[RFC] split the `tensor` dialect from `std`

We currently have a canonicalization that converts load(tensor_to_memref(x)) -> tensor.extract(x) link.

Personally I think that’s a buggy pattern since it “fights” with bufferization and I would support just deleting it. We discussed specifically not adding “anti-bufferization” canonicalizations in D90709, but somehow it snuck in and I don’t have the energy to unwind it.

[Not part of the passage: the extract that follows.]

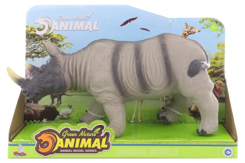 Gumový nosorožec na baterie. Nosorožec vydává zvuky. Napájeí na 3 AG10 baterie (jsou součástí). Rozměry nosorožce cca 27 x 13 x 7,5 cm. Rozměry balení cca 28 x 19 x 11. Věk 3+

In my view this does not fight with bufferization. The pattern is very useful to propagate extraction of scalar values across a partial bufferization barrier. As the extracted result is a single element value, there is also no bufferization “undone”.

We need to more clearly define what patterns we allow and what we consider as “undoing bufferization”. I don’t think a discussion in a single code review suffices for this. In pipelines that optimize the code in partially bufferized form (like kernel generator does, where shape computations are not bufferized but their uses might be), patterns like the one mentioned here, are important, so that other canonicalizations can apply.

I am happy with tensor_load and tensor_store to live in the memref dialect. However, I would not use the for bufferization and add the required cast operations to a separate dialect. This would also give as a home for the canonicalization patterns we want in the context of partial bufferization.

I have not watched the rest of the generic cast discussion, yet, but specific canonicalizations might be another reason to use custom cast operations for bufferization.

I also don’t think that this approach fundamentally “fights with bufferization”. As @herhut outlined above, it might be particularly interesting for “partially bufferized environments” in order to apply further canonicalizations afterwards. Furthermore, I also think that we need to be much more specific when talking about “undoing bufferization” in general.

My definition of “undoing”: If I run foo-bufferize and then some transformation X, do I need to re-run foo-bufferize to finish bufferizing the program? If I do, then the transformation X “undoes” bufferization.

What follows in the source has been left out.